» **YOUR INSTRUCTIONS**: For the material below, the expected output is exactly the lines between the line holding "Cream trousers from" and the line holding "Odkrijte edinstveno sestavljanko, ki", inclusive, with pictures left out.

» **SOURCE DATA**:
◇ ◇ ◇ ◇

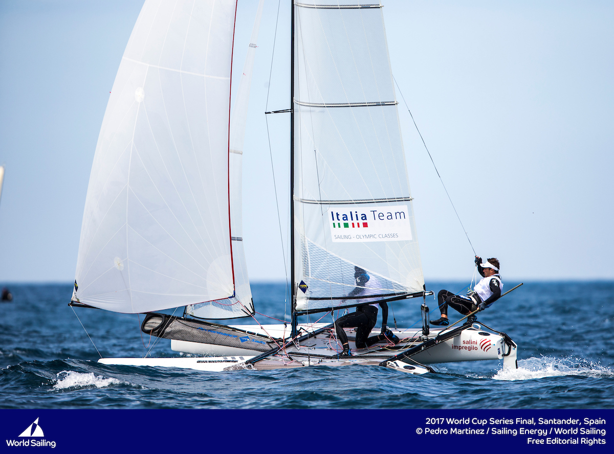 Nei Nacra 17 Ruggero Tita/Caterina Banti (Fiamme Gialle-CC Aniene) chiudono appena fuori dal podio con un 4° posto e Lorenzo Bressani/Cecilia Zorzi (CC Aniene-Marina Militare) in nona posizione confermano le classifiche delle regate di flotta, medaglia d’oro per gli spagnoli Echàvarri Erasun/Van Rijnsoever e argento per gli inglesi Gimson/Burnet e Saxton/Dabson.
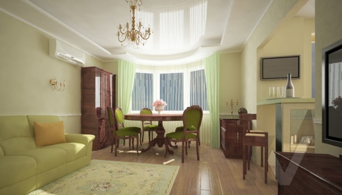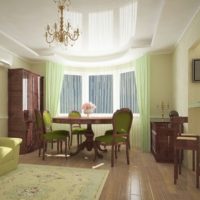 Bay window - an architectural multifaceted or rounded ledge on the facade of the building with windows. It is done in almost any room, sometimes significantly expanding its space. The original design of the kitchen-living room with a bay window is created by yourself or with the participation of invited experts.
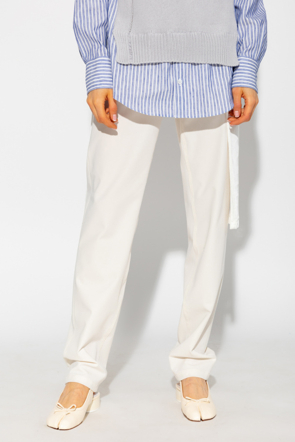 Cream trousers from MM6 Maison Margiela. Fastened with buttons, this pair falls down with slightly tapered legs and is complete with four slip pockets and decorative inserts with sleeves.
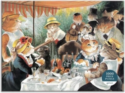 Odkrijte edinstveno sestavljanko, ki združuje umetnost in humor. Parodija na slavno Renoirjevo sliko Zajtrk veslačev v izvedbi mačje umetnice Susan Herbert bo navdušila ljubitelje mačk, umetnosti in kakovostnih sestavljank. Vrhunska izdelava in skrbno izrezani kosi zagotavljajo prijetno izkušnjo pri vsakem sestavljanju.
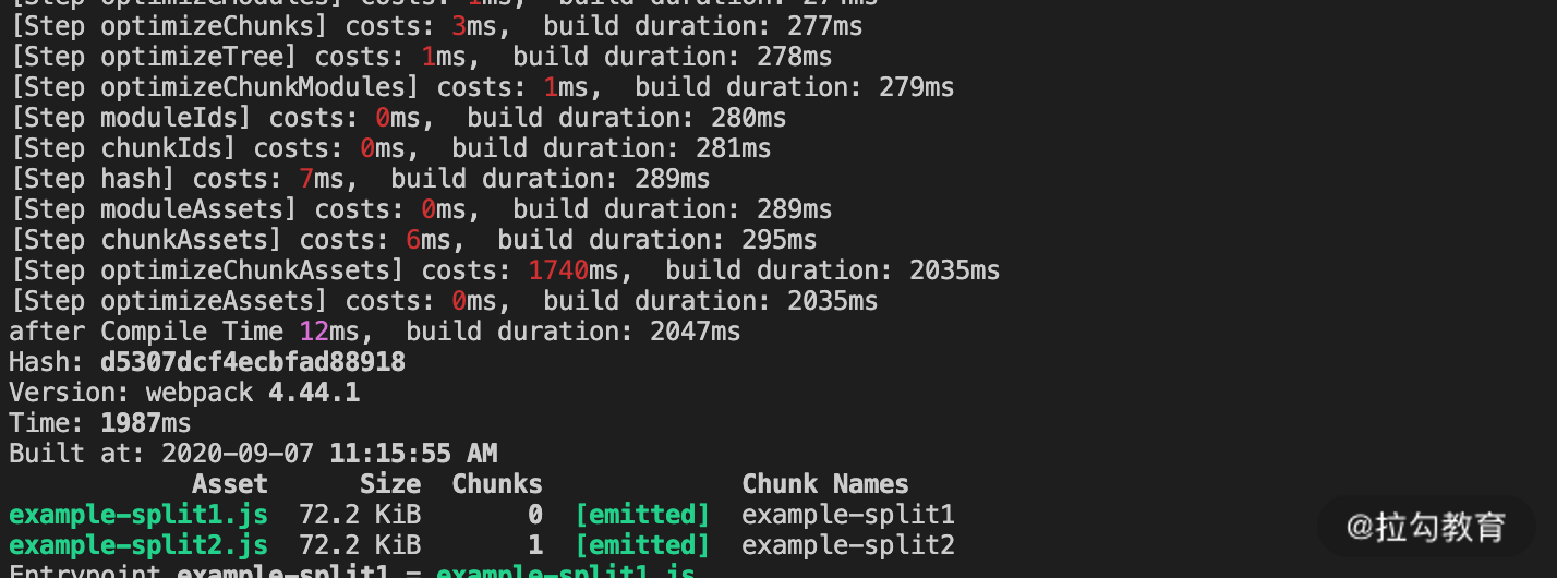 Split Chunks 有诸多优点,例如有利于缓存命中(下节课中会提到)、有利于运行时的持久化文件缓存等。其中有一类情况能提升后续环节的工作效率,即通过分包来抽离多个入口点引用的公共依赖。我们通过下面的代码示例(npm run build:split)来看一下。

◇ ◇ ◇ ◇

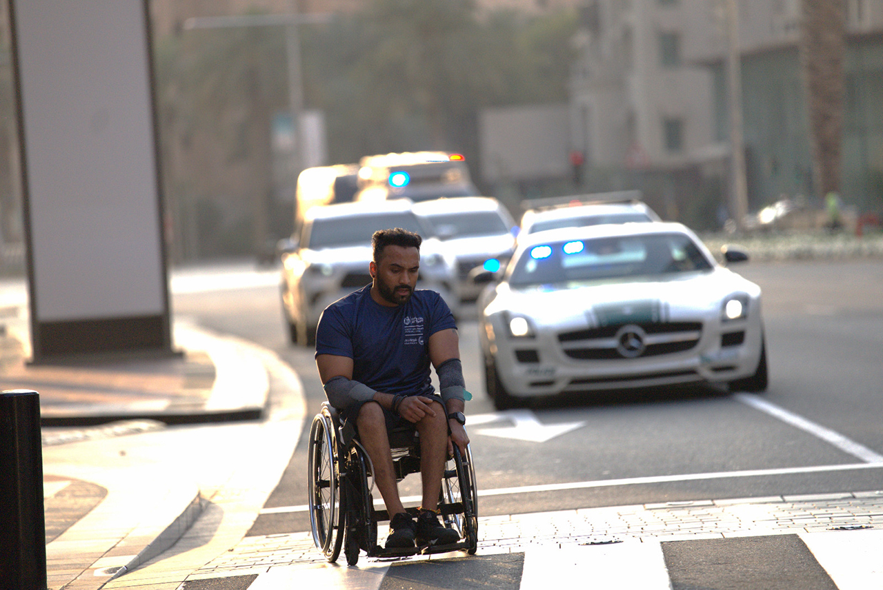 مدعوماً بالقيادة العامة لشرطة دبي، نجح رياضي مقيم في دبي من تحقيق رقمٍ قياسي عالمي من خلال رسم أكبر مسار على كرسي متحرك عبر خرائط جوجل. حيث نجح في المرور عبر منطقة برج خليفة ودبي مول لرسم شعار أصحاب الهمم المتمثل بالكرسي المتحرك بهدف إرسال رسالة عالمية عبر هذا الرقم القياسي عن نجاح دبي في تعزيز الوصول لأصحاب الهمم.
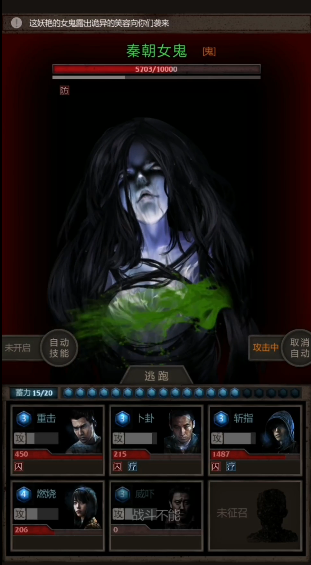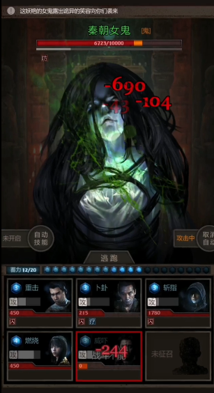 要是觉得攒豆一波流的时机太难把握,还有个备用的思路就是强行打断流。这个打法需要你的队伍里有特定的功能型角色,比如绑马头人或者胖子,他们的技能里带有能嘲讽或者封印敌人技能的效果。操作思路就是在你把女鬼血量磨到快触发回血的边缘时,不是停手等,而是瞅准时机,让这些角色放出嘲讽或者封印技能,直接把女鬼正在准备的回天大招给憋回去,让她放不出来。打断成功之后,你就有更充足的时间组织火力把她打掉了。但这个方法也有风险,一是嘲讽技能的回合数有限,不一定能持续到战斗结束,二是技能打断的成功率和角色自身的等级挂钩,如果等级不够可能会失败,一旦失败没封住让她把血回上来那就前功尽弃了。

◇ ◇ ◇ ◇

» **RESPONSE TO THE TASK**:
 Cream trousers from MM6 Maison Margiela. Fastened with buttons, this pair falls down with slightly tapered legs and is complete with four slip pockets and decorative inserts with sleeves.
 Odkrijte edinstveno sestavljanko, ki združuje umetnost in humor. Parodija na slavno Renoirjevo sliko Zajtrk veslačev v izvedbi mačje umetnice Susan Herbert bo navdušila ljubitelje mačk, umetnosti in kakovostnih sestavljank. Vrhunska izdelava in skrbno izrezani kosi zagotavljajo prijetno izkušnjo pri vsakem sestavljanju.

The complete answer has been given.